The Misallocation of Human Capital
But the overinvestment in manufacturing construction is only part of the problem. The broader story is the unprecedented growth of government itself. Over the past three years, federal spending and employment have surged to levels that make the Obama years look like an era of restraint. Since January 2023, more than one in five new jobs in the U.S. have been in state and local government or public education. That’s over twice the rate of public-sector job growth seen in the decade before COVID-19.
The hiring spree isn’t just unsustainable—it’s a distortion of the economy itself. When government work becomes the most attractive and reliable form of employment, talent and capital are inevitably diverted away from genuinely productive activities. Education systems churn out graduates tailored for government-related jobs, while private industry struggles to attract skilled labor. Worse, much of this public-sector employment growth has been financed through deficit spending. This is the kind of reckless borrowing that Minsky would immediately recognize as Ponzi finance.
Treasury Secretary Scott Bessent has been sounding the alarm, warning that the economy is “hooked” on government spending and needs a “detox period.” The real problem, he argues, isn’t recession but the structural damage caused by an economic model built around continuous government expansion. Ray Dalio has echoed those concerns, pointing out that the U.S. debt-to-GDP ratio has now surged past 122 percent. When you’ve borrowed so much that even foreign buyers start to hesitate, you’re in serious trouble.
Ending the Government-Spending Ponzi Scheme
The tragedy of Biden’s economic model is that it’s built on the assumption that government can replace the private sector as the primary engine of growth. But government can only direct resources; it cannot create real value. The more the state attempts to engineer growth through subsidies and deficit spending, the more it undermines the productive capacity of the private sector.
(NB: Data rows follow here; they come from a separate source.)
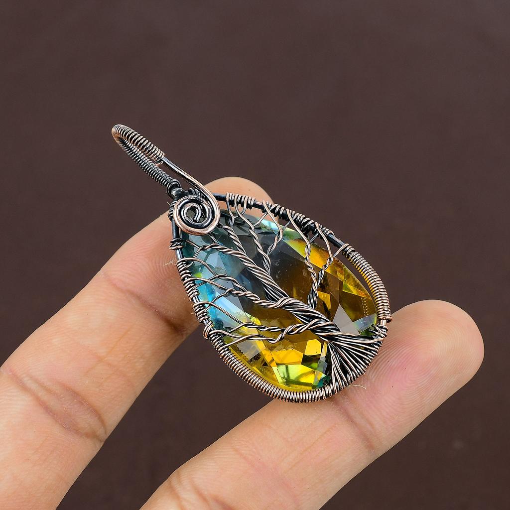 Natural Bi Color Tourmaline Gemstone Copper Wire Wrap Jewely Pendant 2.4" F7L57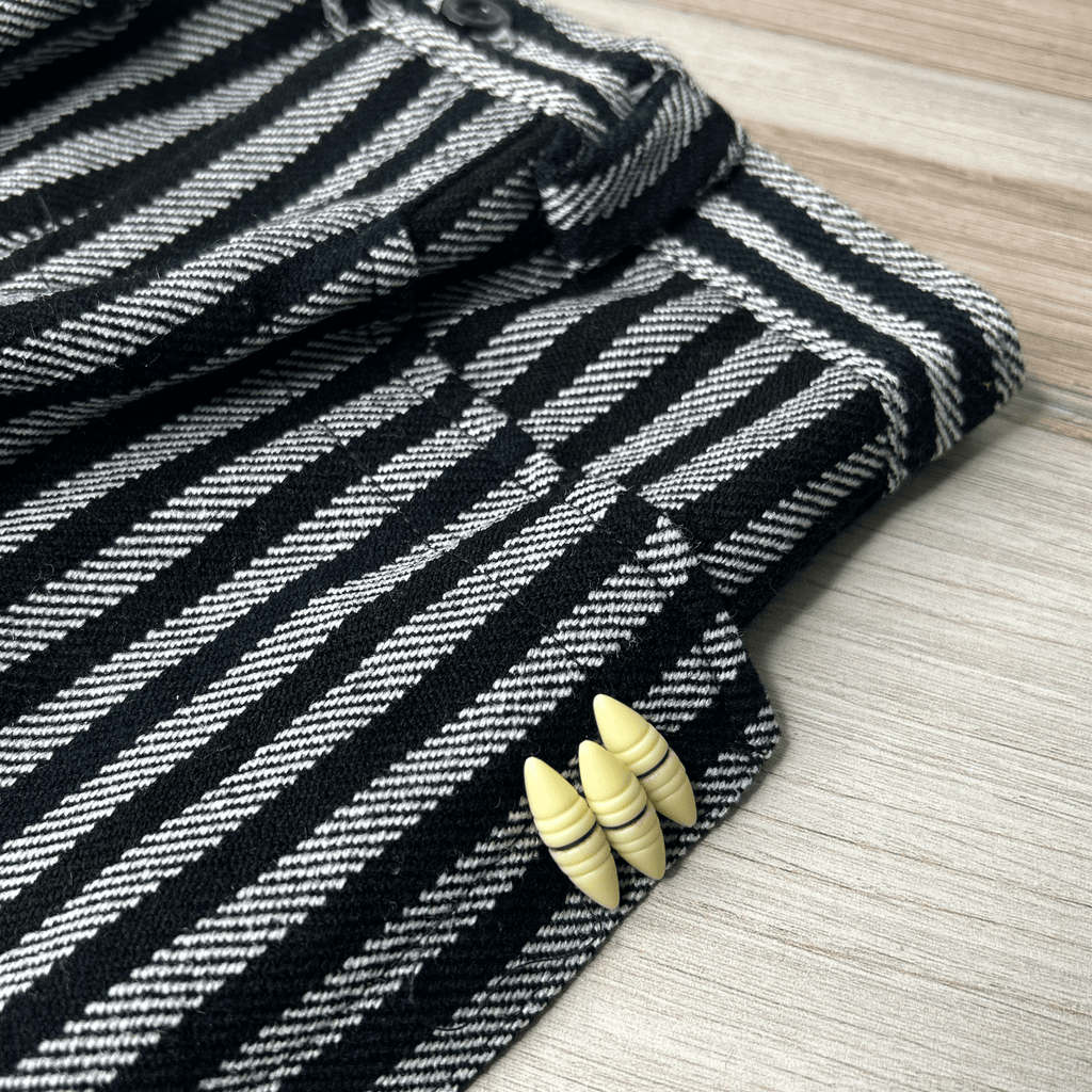 Pantalon caporal mexicain à fines rayures avec boutons en plastique sur les côtés. Fermeture à glissière et bouton. Deux poches frontales.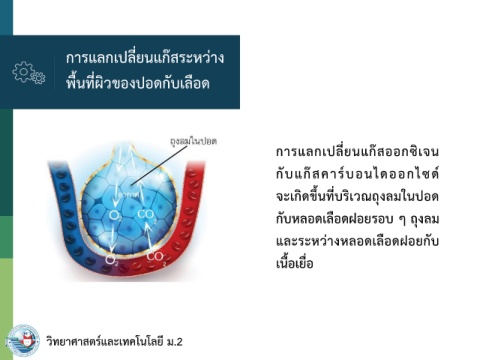 การแลกเปลี่ยนแก๊สระหว่าง พื้นที่ผิวของปอดกับเลือด การแลกเปลี่ยนแก๊สออกซิเจน กับแก๊สคาร์บอนไดออกไซด์ จะเกิดขึ้นที่บริเวณถุงลมในปอด กับหลอดเลือดฝอยรอบ ๆ ถุงลม และระหว่างหลอดเลือดฝอยกับ เนื้อเยื่อ วิทยาศาสตร์และเทคโนโลยี ม.2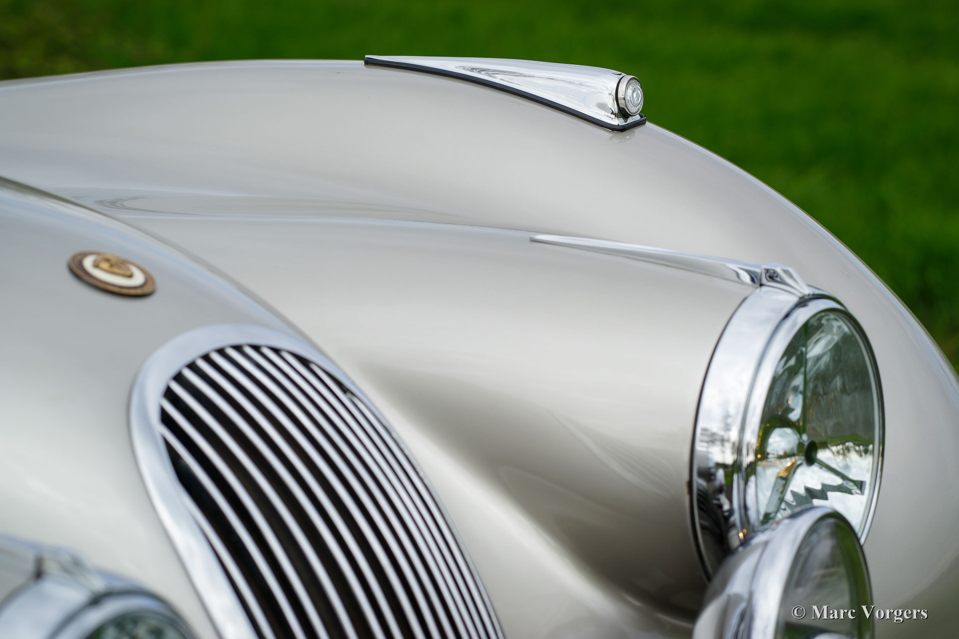 Together with the XK 120, the new Jaguar "XK" straight-six engine was introduced which, for the next forty years, was to attire all Jaguar models in ever improved forms. The XK 120 was available in three versions: as a roadster, the slightly larger DHC (Drop Head Coupe) and as the FHC (Fixed Head Coupe) with a fixed steel roof. The XK 120 was built until 1954 and was followed by the XK 140.

We’re experiencing a Minsky Moment for government, a reckoning with an economy driven to instability by the excesses of government spending-driven stability. The Biden administration’s attempt to force the economy into its own green energy utopia has only created an economy that’s fragile, over-leveraged, and increasingly unable to generate real growth. Trump’s plan to scale back government is about more than just balancing the books. It’s about forcing the economy to confront the reality that government-driven growth is a lie. And unless the detox happens soon, the inevitable collapse will be far worse than any recession the media wants to blame on Trump.